I know what you're thinking. You're thinking there's no such thing and I'm here to tell you there absolutely is. When your mom has acute onset delirium and your Daughter is able to access e-books and video streaming independently, there absolutely is a thing as too much sex.

Let's start with my mom, shall we? We discussed via Facebook my mother's edict to my father last week. As he was leaving her hospital room for the day, he tenderly kissed my mom all over her face. It was a touching moment, watching this couple, married for nearly half a century and for more of their lives than not. The nurse's aide got emotional. I grasped for Husband's hand, my obvious thought that I hoped this would be us in 40 years. You know, minus the hospital stay.

"I love you," my mom said.

"I love you, too," my dad whispered.

"Take off your clothes. I want to see you naked," said my septuagenarian mom to my even more septuagenarian dad. That was the end of the tender moment and Husband's hand-holding. In fact, I don't think he'll ever hold my hand again. That exchange was only slightly more awkward than a moment with my dad that he is blissfully unaware of and which I will never share in a public forum. It didn't happened if it's not documented.

Things got worse over the weekend. My parent's neighbors of 40-plus years came to visit my mom. Mrs. Neighbor launched into a story about a time she had arrived - unannounced - at my parent's house. Midday. My mom was in a bathrobe. This was before my birth. Quite possibly nine months before my birth.

As if that story weren't bad enough - and despite my pleas to cease - Mrs. Neighbor then told a story about the time my mom, Mr. Neighbor, and a forgotten friend had gone skinny-dipping in Neighbor's pool during a party. I had the temerity to suggest that this episode was quite possibly nine months before my brother's birth. Nobody was amused.

The next day, my mom told me that a mysterious "they" had naked pictures of her. I couldn't suss out who "they" were, but she did tell me she was getting indicted for murder. I'm not sure if I prefer Sex Kitten Mom or Criminal Mastermind Mom, but the latter is probably more useful.

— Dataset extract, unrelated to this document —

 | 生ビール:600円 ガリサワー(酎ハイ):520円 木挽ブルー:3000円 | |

Friday night, we were all sitting around the hospital waiting room reminiscing about The Welcome Wagon. Aunt mentioned that the lineup at the police station was difficult since she hadn't been focused on the flasher's face. I didn't think twice about her comment, but Husband is smarter than I and he did. Did she really go to a lineup? he queried later. I wasn't sure, so I texted the question to
Aunt:

Aunt's totally unnecessary response.

I don't think I needed to know she could talk like that.

Daughter has not been as bad, but almost. She enjoys listening to audiobooks. She borrows them electronically from our local library. This service does not have parental controls, but she's a good kid and the app makes recommendations based on your previous selections. Daughter usually picks books about animals.

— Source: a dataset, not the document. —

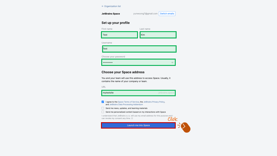 이름 (First name, Last name), Username, 비밀번호, URL을 입력 후 [ Launch me Into Space ] 를 클릭합니다. URL은 현재 존재하지 않는 주소여야 합니다.

Last week, the book she selected was All I Want. The picture of  the book depicts a couple, running down a beach hand in hand, a dog keeping pace with them. I know Daughter picked it because of the dog in that picture. But that title...it made my Mommy Spidey Sense tingle. Amazon describes the book as being part of the "Animal Magnetism" series. The genre? Erotic fiction. Did I mention Daughter is ten years old?

I got to her before she listened to it.

What I was not so timely about was the movie she watched last weekend through a popular streaming service. This service does have parental controls. I have set them. So I was surprised when she came to me laughing about this very funny song in the movie. The lyrics tell an amusing story in which a fellow named Herman puts his sperm in a gal called Myrna.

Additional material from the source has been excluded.